How do I become a Christian?

At Saturday’s meeting of Presbytery, one of the men being examined to be ordained and installed in our Presbytery was asked this question. Actually the question interacted with the man’s statement of faith and was posed more like: “If someone were to come to you and ask, ‘how do I become a Christian,’ how would you respond?”

It’s a fair question. What was sort of alarming was that the respondent spent two minutes equivocating and then replied that he was not able to answer the question in an abstract way but would only be able to answer it in a real life situation. This response elicited applause from the floor of presbytery. This is confusing absent understanding the dominate culture of presbytery–it is now deemed inappropriate to ask candidates questions except where those questions are no-brainers. 

This was further amplified when the same Teaching Elder asked a question of another man being examined who responded that “there is one [question-asker] in every presbytery.” I found this to be a profoundly disrespectful thing to say. It is disrespectful not only to the Teaching Elder in question, but to the entire presbytery whose responsibility it is to guard the peace, unity, and purity of the church. I’m of the opinion that such a response ought to draw the rebuke of the moderator of the Presbytery.

I am certainly willing to grant that the path to faith can look quite different in the lives of individual people. However, it’s disturbing that a minister of the Gospel was not able to find a simple response to the question that would capture the essence of the New Testament’s teaching. For example, “Believe in the Lord Jesus Christ and you will be saved, you and your household” (Acts 16:31). Or, “If you confess with your mouth that Jesus is Lord and believe in your heart that God raised him from the dead, you will be saved” (Romans 10:9).
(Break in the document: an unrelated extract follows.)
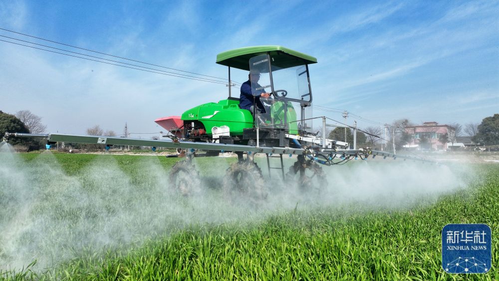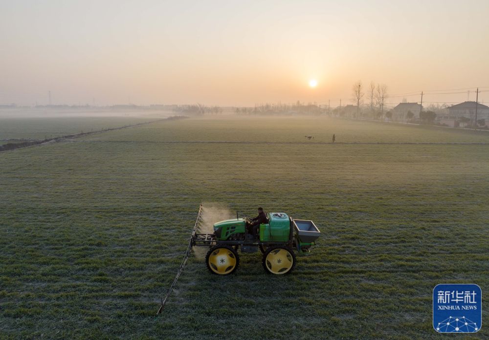 ↑2月28日,在江苏省泰州市姜堰区顾高镇塘桥村松青家庭农场小麦田间,农户驾驶植保机进行喷药作业(无人机照片)。新华社发(汤德宏 摄)

While we can claim that conversion is so context-specific that it’s impossible to answer the question, “how can I be save?” that certainly does not seem to be the posture of the New Testament. 

The advent of our new form of government has permitted greater freedom in question-asking during examination. This is good because it is exposing the theological fault lines that we often like to think do not exist, and it forces those of us who are evangelicals to both question our place in presbytery and the denomination and intentionally decide how to engage in the life of the church.